🤖 AI Summary
This work addresses the under-exploitation of hard negative samples in self-supervised visual representation learning and proposes, for the first time, synthesizing hard negatives within Vision Transformers (ViTs). Methodologically, it integrates a controllable synthetic negative generation mechanism into self-supervised frameworks—such as MAE—based on DeiT-S and Swin-T architectures to sharpen discriminative boundaries in contrastive learning. The key contributions are: (1) empirical validation that synthetic hard negatives critically enhance ViT representation quality; (2) an efficient training paradigm requiring no additional annotations or conventional data augmentation; and (3) consistent improvements in feature discriminability—achieving average gains of 1.2–1.8 percentage points over baselines on ImageNet linear evaluation and multiple downstream tasks. This study provides a novel, principled direction and a reproducible technical pathway for optimizing ViTs in self-supervised learning.
📝 Abstract
This paper does not introduce a novel method per se.
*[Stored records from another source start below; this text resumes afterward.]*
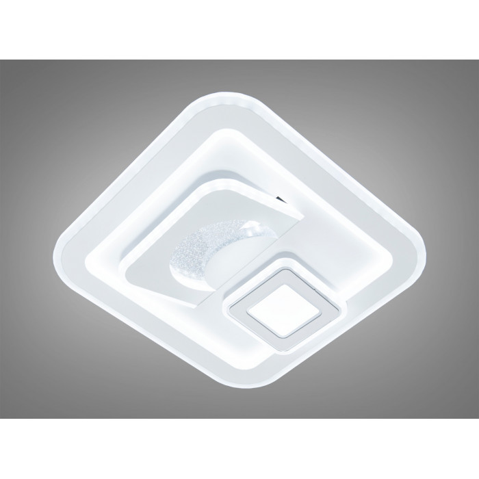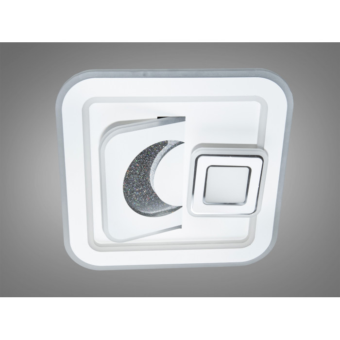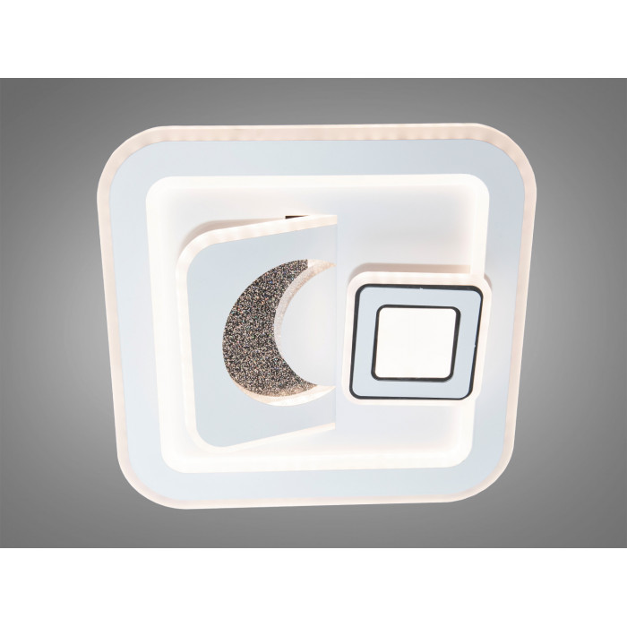 Дизайн світильника являє собою симбіоз сучасних технологій та класичної елегантності. Він має кілька рівнів освітлення, що включає центральну акрилову частину, оточену двома кільцями з високоякісних світлодіодів. Центральне кільце, увінчане прозорими кришталами, створює динамічну гру світла і тіней, що надає простору розкоші та вишуканості. Зовнішні кільця випромінюють м'яке, рівномірне світло, здатне забезпечити достатню освітленість великого простору.
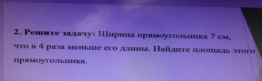 2. Решите задачу: Ширина прямоугольника 7 см, что в 4 раза меньше его длины. Найдите площадь этого прямоугольника.
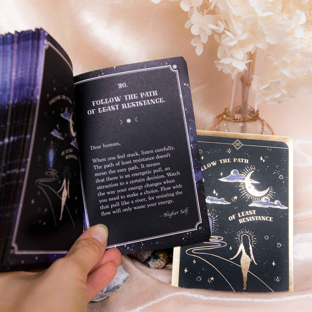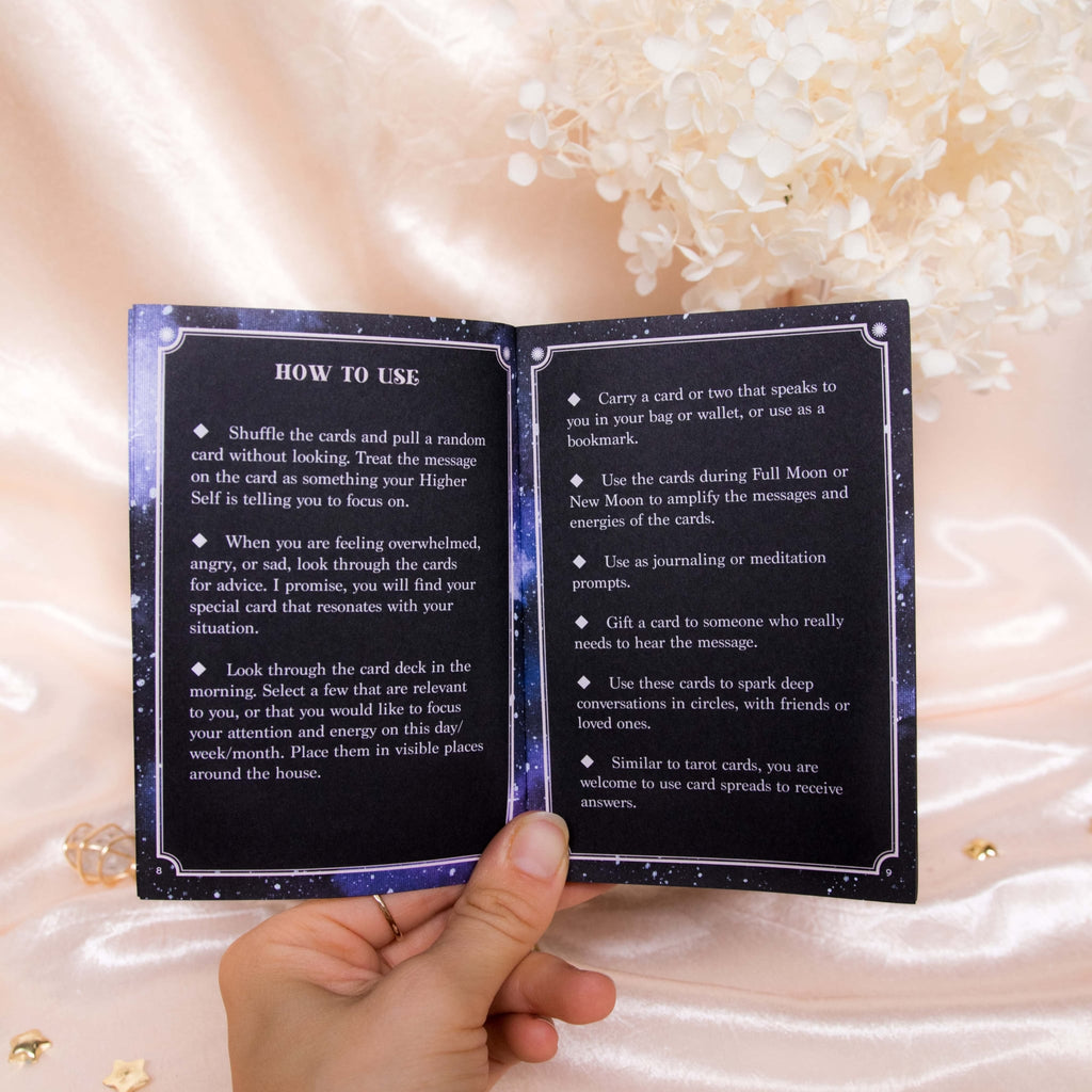 Deep meditation, a sense of infinite unity and love, heightened intuition and endless inspiration. Soul Whispers card deck came from that place, a place bigger than myself. The messages on the cards and in this booklet came from my personal realisations, experiences and beliefs. I feel that if my Higher Self - my soul - could speak, this is exactly what it would tell me. It would tell me that I am safe, that I am loved, that I can make anything happen. I truly believe these messages can be beneficial for anyone to hear. I also truly believe that we all share the same energy, all came from the same place, so if my Higher Self would tell me this, yours would, too. So, if it aligns with you and feels right to you, then you are welcome to use these cards to communicate with your Higher Self, and treat these messages as messages from your soul, or the Universe.
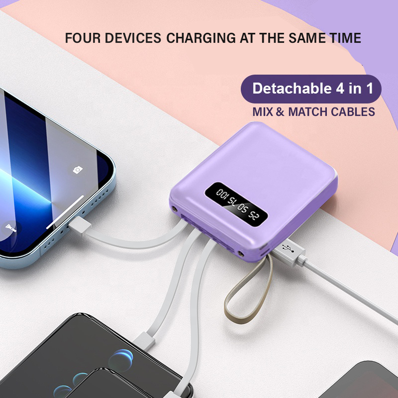 Mini Power bank 20000mAh with 4in1 DETACHABLE Cables Powerbank with LED Torch Light
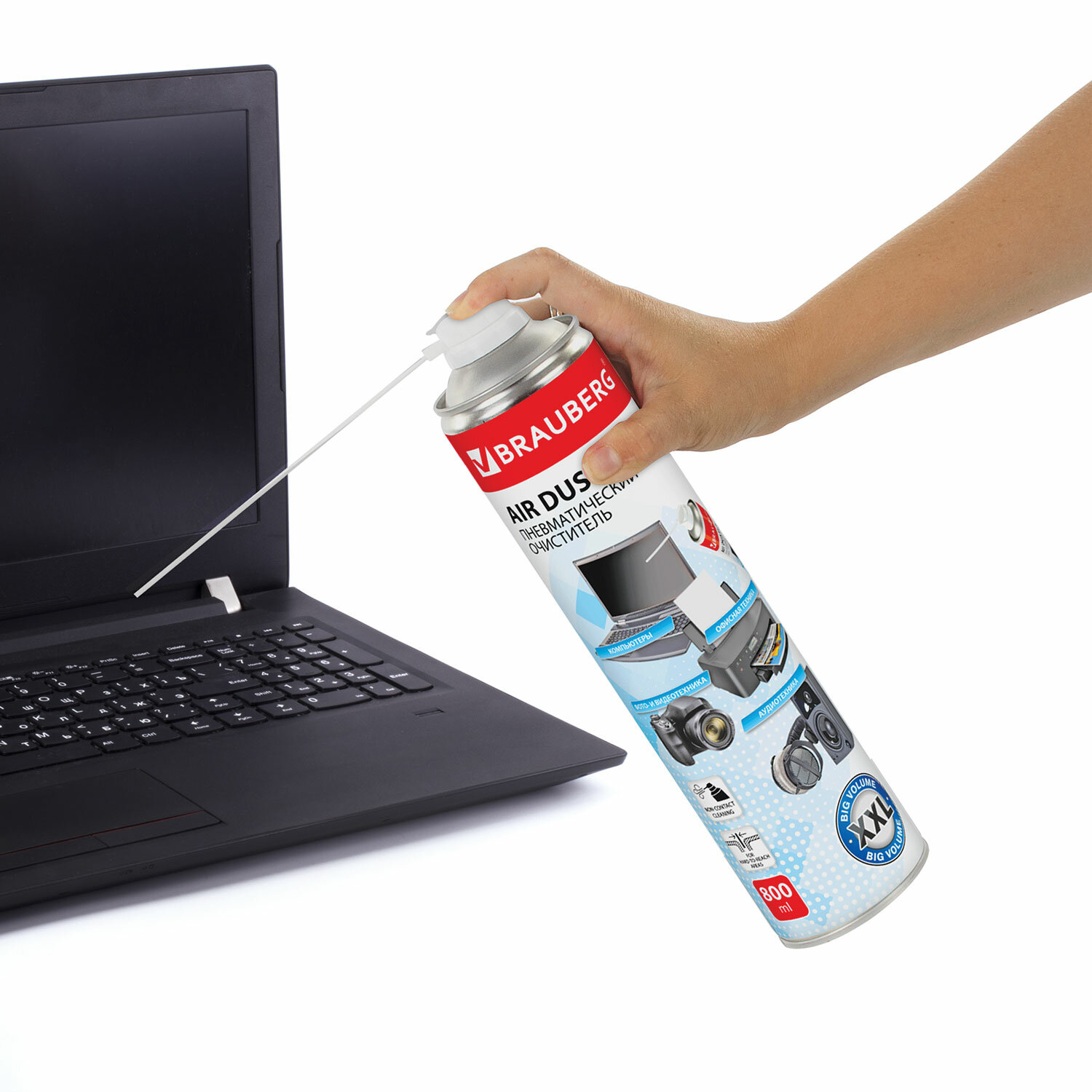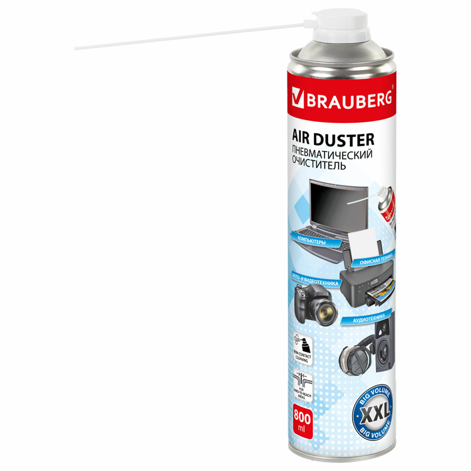 Баллон со сжатым воздухом BRAUBERG предназначен для бесконтактного удаления пыли и мелкого мусора из труднодоступных мест и внутреннего пространства компьютерной техники, аудио-, видео- и фотоаппаратуры, офисной и бытовой техники.
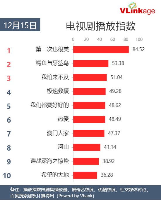 【纬岭榜单】12月15日当日#电视剧播放指数#:1.#第二次也很美#播放指数 84.52 2.#鳄鱼与牙签鸟#3.#我怕来不及#4.#极速救援#5.#我们都要好好的#6.#热爱#7.#澳门人家#8.#河山#9.#谍战深海之惊蛰#10.#希望的大地#
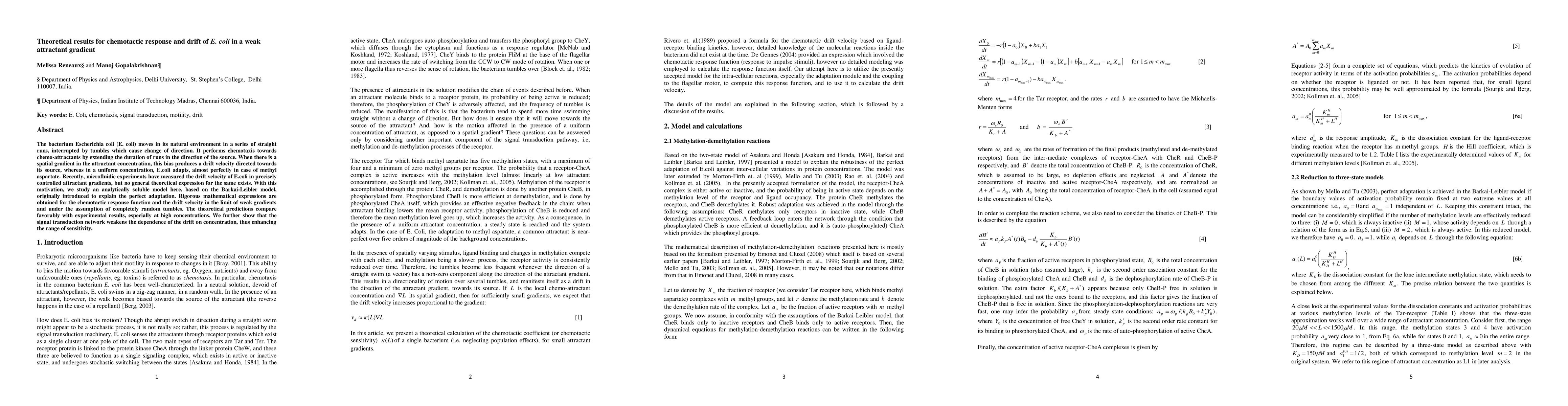 This paper develops a theoretical framework based on the Barkai-Leibler model to analyze the chemotactic response and drift of E. coli in weak attractant gradients. The study provides rigorous mathematical expressions for chemotactic response and drift velocity, which align well with experimental data, particularly at high concentrations.
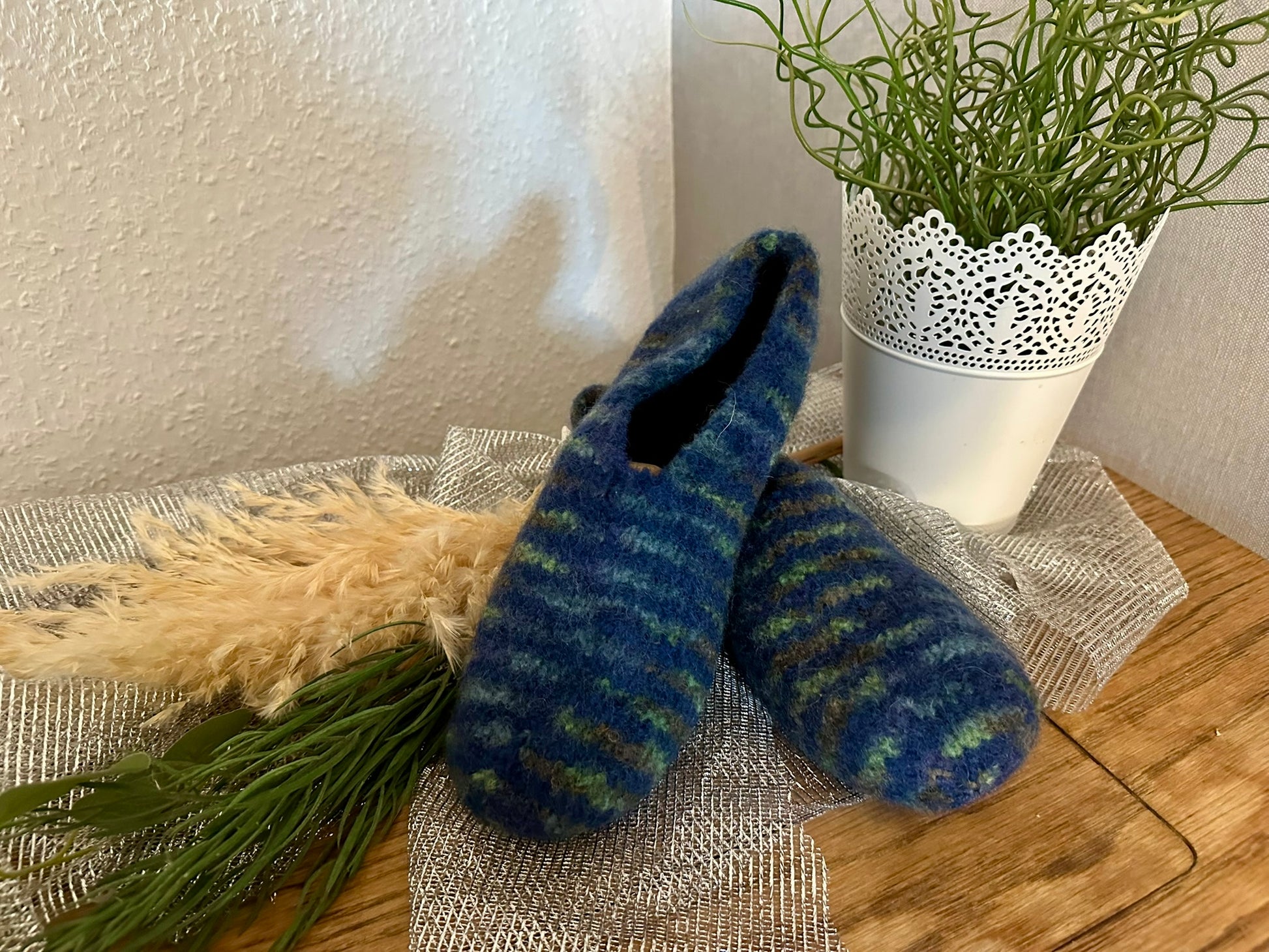 Filzpuschen in dunkelblau grün meliert in den Größen 36-48

Instead, we address the neglected potential of hard negative samples in self-supervised learning. Previous works explored synthetic hard negatives but rarely in the context of vision transformers. We build on this observation and integrate synthetic hard negatives to improve vision transformer representation learning. This simple yet effective technique notably improves the discriminative power of learned representations. Our experiments show performance improvements for both DeiT-S and Swin-T architectures.